The statement, by UK foreign minister Jeremy Hunt, France’s Jean-Yves Le Drian and Germany’s Heiko Maas, made no mention of potential actions the countries might take.
It comes after Saudi Arabia vowed to retaliate to possible economic sanctions taken by other countries after Donald Trump warned of “severe punishment” over the disappearance of a Saudi journalist.
“The kingdom affirms its total rejection of any threats and attempts to undermine it, whether through economic sanctions, political pressure or repeating false accusations,” it said in a statement.
“The kingdom also affirms that if it is [targeted by] any action, it will respond with greater action.”
Steadfast & Glorious 🇸🇦
Demise is the outcome of these weak endeavors pic.twitter.com/WBb9yusaE6
— Foreign Ministry 🇸🇦 (@KSAmofaEN) October 14, 2018
Saudi’s ministry of foreign affairs also tweeted that it was “steadfast and glorious” in response to what it called “false accusations.” It added: ”Demise is the outcome of these weak endeavours.”
Turkish officials have said they fear Saudi agents killed and dismembered Mr Khashoggi after he entered the consulate and a Turkish newspaper has reported that Mr Khashoggi’s alleged torture and death may have been recorded on his Apple Watch.
The kingdom has called the allegations “baseless”, but has offered no evidence to show the writer ever left the consulate.
However Saudi King Salman bin Abdulaziz Al Saud adopted a more conciliatory tone in a phone call with Turkish president Tayyip Erdogan on Sunday, according to the Saudi state press agency.

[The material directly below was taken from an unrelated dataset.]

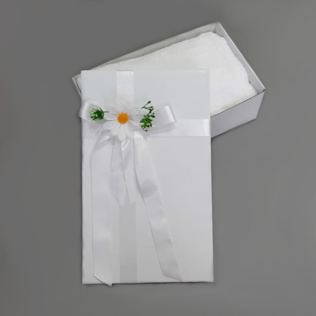 Białe pudełko prezentowe, ozdobione satynowymi, połyskującymi wstążkami i kompozycją florystyczną. Pudełko idealnie będzie pasować do ręcznika w rozmiarze 140x70cm lub kocyka. Solidne ozdobne pudełko wykonane jest z grubej tektury, oznacza to, że gdy włożysz do niego prezenty pudełko nie będzie się wyginać.

The king thanked Mr Erdogan for welcoming the Saudi proposal to form a joint working group to discuss the disappearance of Mr Khashoggi and stressed the strength of the relationship between the two countries, it was reported.
Saudi Arabia also received support from Egypt, which said it was monitoring developments “with concern” and warned against the case being exploited politically.
“Egypt stresses the importance of revealing the truth of what happened in a transparent investigation,” the country’s foreign ministry said in a statement.
Saudi Arabia’s crown prince, Mohammed bin Salman, has aggressively pitched the kingdom as a destination for foreign investment, but Mr Khashoggi’s disappearance and suspicions he may have been targeted over his criticism of the crown prince have led several business leaders and media outlets to back out of an upcoming high-profile investment conference in Riyadh.
Mr Khashoggi’s fiancee said those behind his disappearance “must be held accountable and punished to the full extent of the law”.
Hatice Cengiz said Mr Khashoggi “was a patriot”. Writing in The New York Times, she said: “Jamal spoke up against oppression, but he paid for the Saudi people’s demand for freedom with his own life.”
She added: “Oppression never lasts forever. Tyrants eventually pay for their sins.”
Mr Hunt’s statement came after shadow foreign secretary, Emily Thornberry, criticised the UK’s response to Mr Khashoggi’s disappearance.
The Labour MP said there had been “nothing but pusillanimous mutterings” from Mr Hunt over the disappearance of the Saudi writer.
“He is being outdone by Donald Trump, whoever would have thought that?” she said.
“They’re playing catch-up with Donald Trump when it comes to condemnation of this and actually taking action and being prepared to stand firm.”